Associate Professor Kaimipono David Wenger (Critical Race Studies) has written several articles including "Nullificatory Juries" (with David A. Hoffman) in the Wisconsin Law Review and "Slavery as a Takings Clause Violation" in the American University Law Review, and "Causation and Attenuation in the Slavery Reparations Debate" in the University of San Francisco Law Review.

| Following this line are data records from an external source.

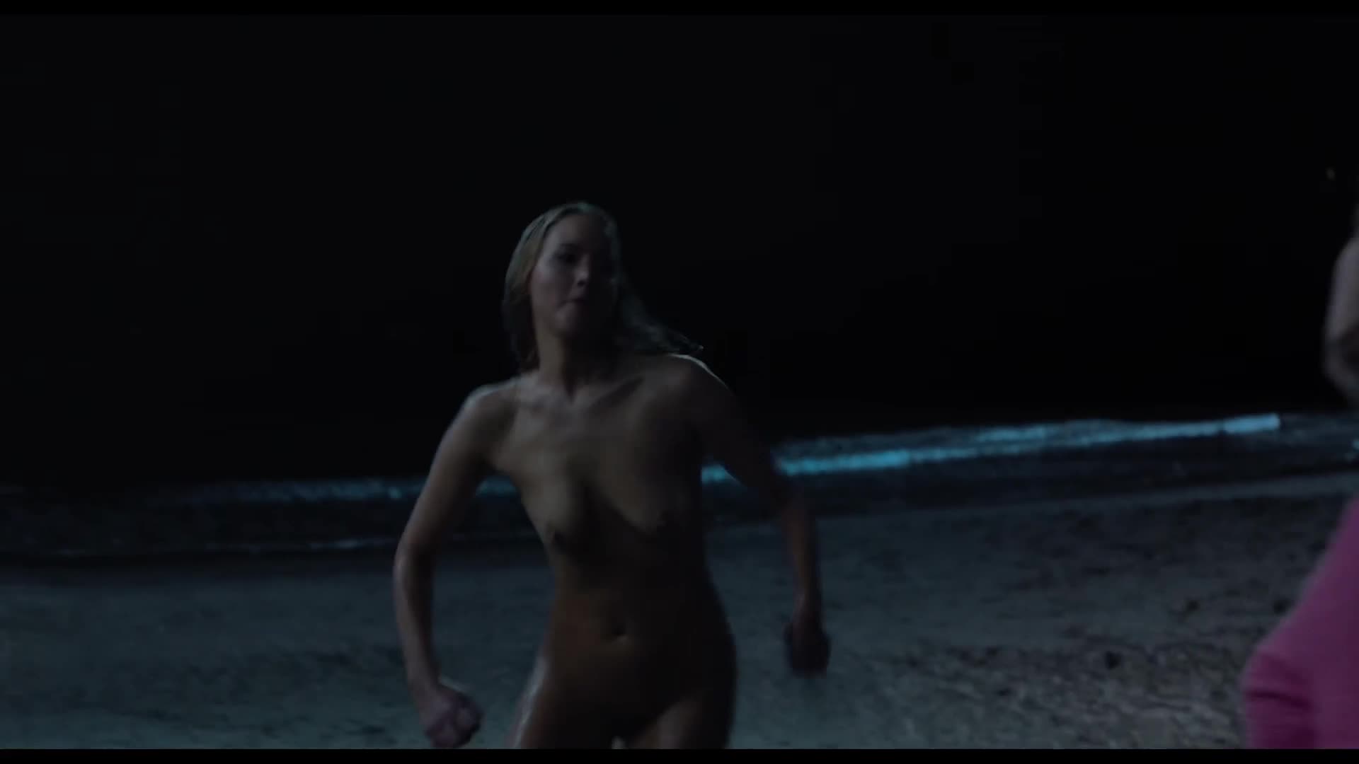 небольшой момент из фильма "Без обид" в котором полностью обнаженная тридцатитрехлетняя актриса Дженнифер Лоуренс выходит из воды и борется с ворами своей одежды, показывая свои сиськи, киску и попку.
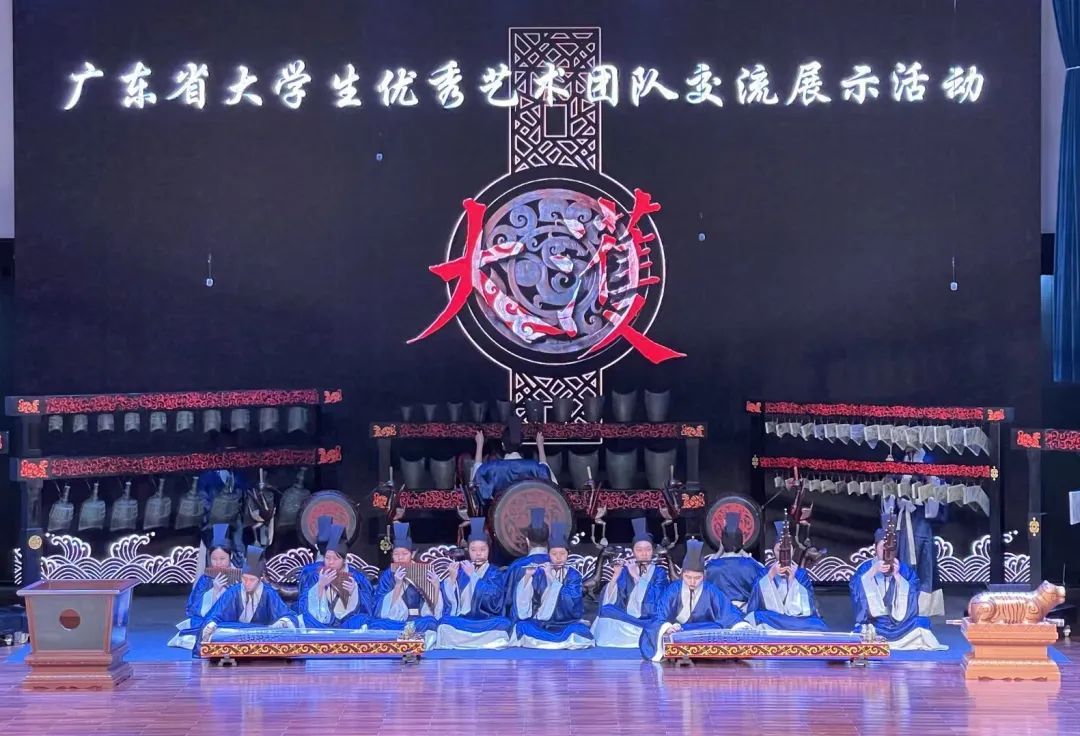 于卓涵(左四)参加广东省大学生优秀艺术团队交流展示活动,《大濩》荣获乐器类甲组二等奖
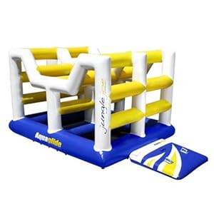 A jungle gym that sits atop the water, the Aquaglide Jungle Joe is a multi-tiered climbing structure with an interior splash zone. It's the fun of a playground that you can enjoy on a lake! Kids can hang out like they would on monkey bars and adults can relax in the splash zone. Through the Interloc System you can connect other Aquaglide items like slides and blast bags for even more fun. The Jungle Joe is designed with DuraTex, a commercial grade fabric reinforced PVC, which is Hot Air Welded for maximum strength and durability. There is also a UV Block which is makes the Jungle Joe high resistant to the sun's dangerous rays for years. It's excitement and fun day after day, summer after summer! Features: 3 Year Limited Warranty (1 Year Commercial Use). Built in Cooler?: No, Model Year: 2011, Product ID: 220826, Shipping Exclusion: This item is only available for shipment by UPS to the lower 48 United States. APO, FPO, PO BOX, Hawaii, and Alaska shipments may not be possible for this item. (Please call prior to purchase.), Special Order: This is a Special Order item, will be shipped from the manufacturer, and is not stocked in our warehouse. All Returns/Exchanges are subject to a 20% restocking fee. This item does not qualify for our Price Matching Policy. Order processing time may vary.
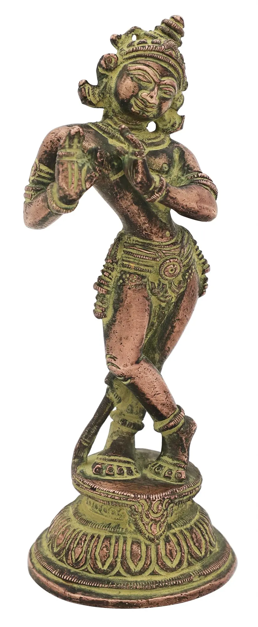 This brass sculpture stands as a testament to the skillful hands of artisans who have poured their devotion into each nuanced detail. Lord Krishna's form embodies the quintessence of artistic mastery, with his body flowing in the lyrical tribhanga stance - a pose of three bends that mirrors the rhythm of the universe itself. His feet are elegantly crossed, symbolising a sacred union of opposites - the material and the spiritual, the finite and the infinite. This gesture reflects the profound philosophy of Krishna, a reminder that life's intricate dance is but a reflection of the cosmic interplay of energies.
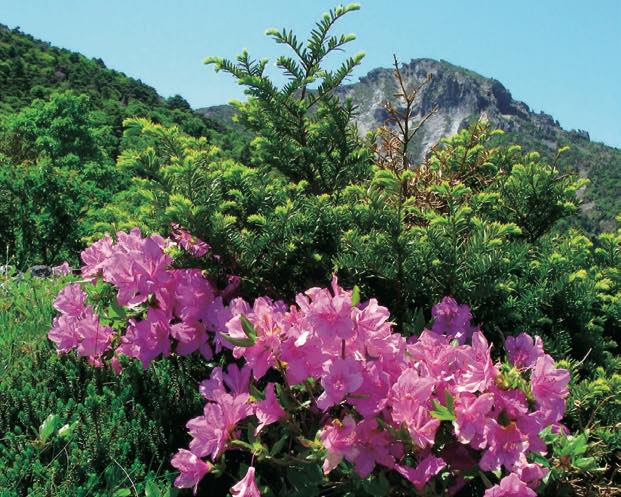 漢拏山は、韓国ではじめて世界遺産に登録された場所であり、済州島のほぼ中央にあります。標高は1,950mあり、春はツツジの群落が咲き誇ることでも知られています。
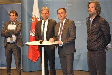 - Kriterien und Vorgutachten für Almerschließungesprojekte vorgestellt (v.li.): Abteilungsdirektor Profanter, Landesräte Schuler und Theiner, Amtsdirektor Kasal. Foto: LPA/FP [JPG 18 KB]
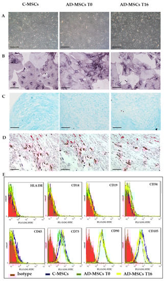 Representative images for Mesenchymal Stem Cells (MSCs) characterization. (A) Phase-contrast images of MSCs derived from skin of healthy control subject (C-MSC) and of patients with atopic dermatitis (AD-MSC) before (T0) and after (T16) treatment with Dupilumab. Scale bar: 100 µm; (B) Osteogenic differentiation, ALP staining, Scale bar: 50 µm; (C) Chondrogenic differentiation, Alcian blue staining, Scale bar: 200 µm; (D) Adipogenic differentiation, Oil red staining, Scale bar: 200 µm; (E) Flow cytometry analyses of cell-surface antigen expression, as indicated. Red histograms refer to the negative control (IgG1 isotype control–fluorescein isothiocyanate (FITC) labeled). Blue histograms: C-MSCs; Green: AD-MSCs T0; Yellow: AD-MSCs T16.
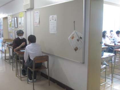 対話を聞いて答えを4つの選択肢から選らぶリスニング練習、教科書の文例を見ながら「わたしの夢」のスピーチ原稿づくり、ALTの先生によるパフォーマンステスト・・・と「聞く」「話す」「読む」「書く」の4技能をバランスよく学習していました。授業支援のインターンも英語が得意な大学生です。
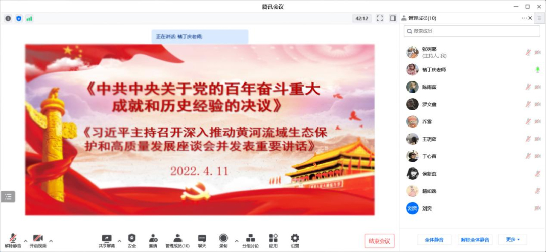 褚丁庆老师带领团员干部认真学习《中共中央关于党的百年奋斗重大成就和历史经验的决议》及《习近平主持召开深入推动黄河流域生态保护和高质量发展座谈会并发表重要讲话》,引导青年学生深刻认识党百年奋斗的初心使命和重大成就,深刻感悟党对青年学生寄予的厚望和时代赋予的光荣使命。
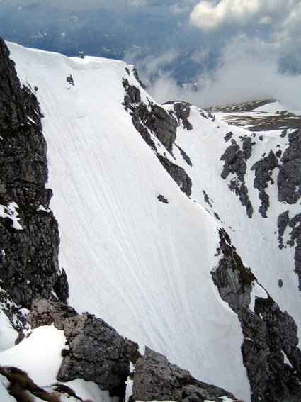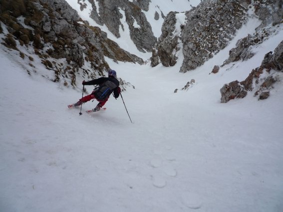 Die direkte Einfahrt hat sicher kurzfristig 80° und ist maximal 3 Meter breit. Somit kann man diese, meiner Meinung nach, nur über die linke Seite einfahren. Wir haben uns vor den letzten steilen vier Metern eine kleine Stufe geschlagen und uns dort die Schi angeschnallt.
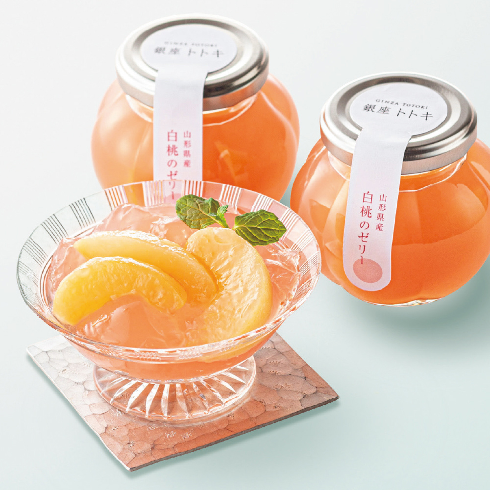 山形県産白桃の果実と白桃ピューレを使ったゼリー。果肉の食感と豊かな香りをご堪能ください。
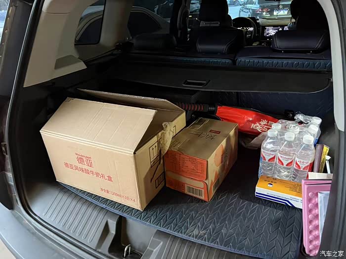 买些水果干果一类的。买的牛奶一类的都带着箱子,还真挺占地方,还好大狗的后备箱够大,如果把后排座椅放倒,还可以进一步拓展空间,大狗后备箱还有一个优点就是平整和方正,平坦可以保障放东西不易倒斜,而方正就能够最大程度的利用好空间,装更多的物品,把年货摆的整整齐齐,满满登登。
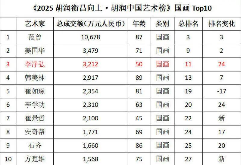 2024年,李净弘登上胡润艺术榜第三位,成为当代中国最具市场号召力的国画家之一。这不仅是对他艺术造诣的肯定,更是社会资本与文化共识的交汇点。在资本趋向浮躁、艺术被消费的时代,李净弘仍以沉静之心守住了中国画的“精神温度”,让市场重新感受到笔墨之内的文化力量。
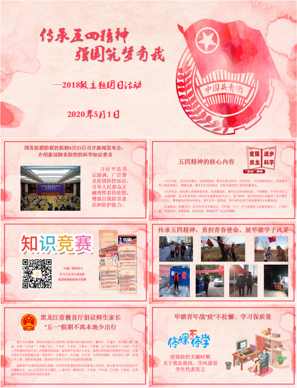 为加强我院团员青年日常教育管理,引导团员青年牢固树立“四个意识”,坚定“四个自信”,坚决做到“两个维护”,用奋斗的青春展现时代新人的家国情怀,5月1日-4日,机电学院团总支积极组织各团支部开展“传承五四精神,强国筑梦有我”网络主题团日活动。活动开展期间,支部成员群策群力,以大我的姿态抗疫,以小我的姿态力行,充分利用新媒体平台,展现了支部活动的与时俱进。
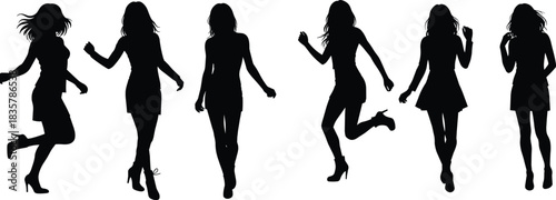 silhouette, woman, woman, female, person, people, black, white, background, isolated, standing, posing, dancing, walking, running, jumping, fashion, style, elegant, graceful, movement, dynamic, active, playful, happy, joy, freedom, celebration, party, event, social, group, collection, set, vector, graphic, illustration, art, design, shape, form, figure, body, leg, shoe, heel
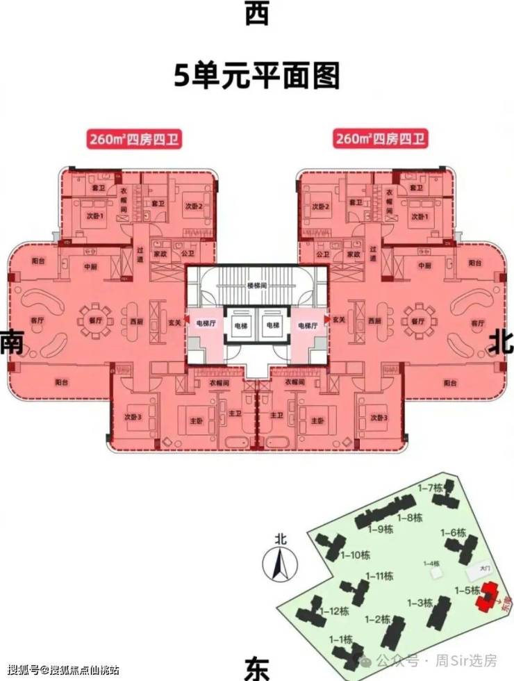 5单元,22层,层高约3.3米,2梯2户,约260平,还有一套488平顶复,可售41套;
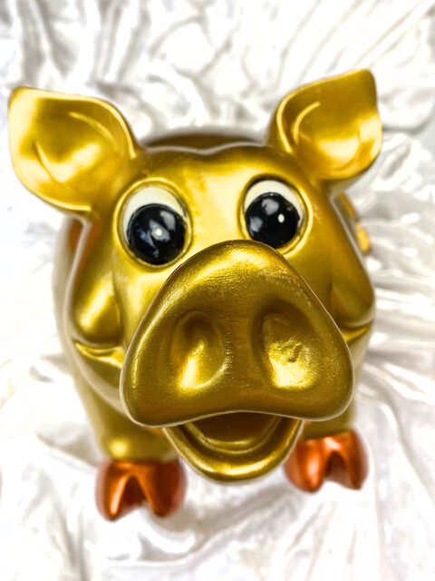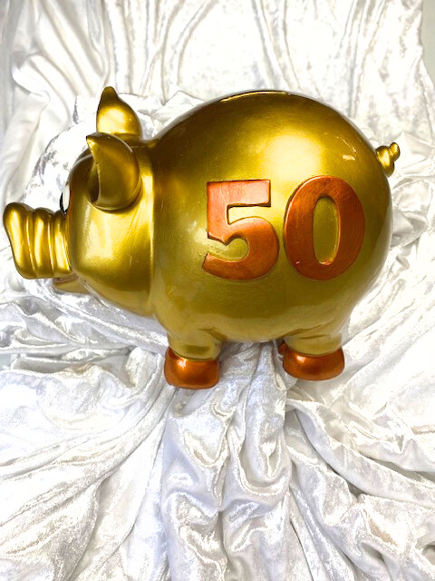 Sparschwein „goldfarben mit Aufdruck 50“
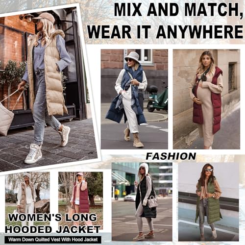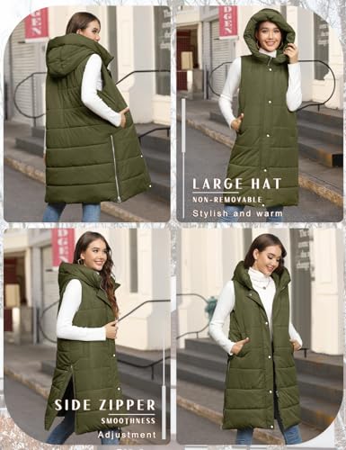 Yuson Girl Chaleco Mujer Chalecos Acolchados Medio Largo Chaquetas sin Mangas Casual Chaleco Grueso Invierno Abrigo Outwear con Capucha Largos Calentador de Cuerpo con Bolsillos(Verde militar, M)

Associate Professor Rebecca Lee (Employment Law & Discrimination; Gender Equality) writes in the areas of employment discrimination and workplace policy, with a focus on issues of gender equality, how gender and race differences shape institutional norms, the role of leadership within organizations as well as the relationship between conceptions of equality and diversity. Her scholarship includes "The Organization as a Gendered Entity: A Response to Professor Schultz's The Sanitized Workplace" in the Columbia Journal of Gender and Law.
Associate Professor Luz Herrera (Civil Justice Seminar) focuses on efforts to close the access gap to legal services by promoting self-help centers, on-line legal services, pro-bono work, unbundling programs, prepaid systems and other services to underprivileged and middle income communities in San Diego County. Before entering academia, she operated a law firm in Compton, California, serving the underprivileged community. She has written "Reflections of a Community Lawyer" in The Modern American.
Adjunct Professor of Law Wayne Rosenbaum (Land Use Planning, Water Law) is special counsel to Foley & Lardner concentrating on environmental issues, including the development of cost effective compliance strategies for municipalities and industries regulated under the storm water provisions of the Clean Water Act.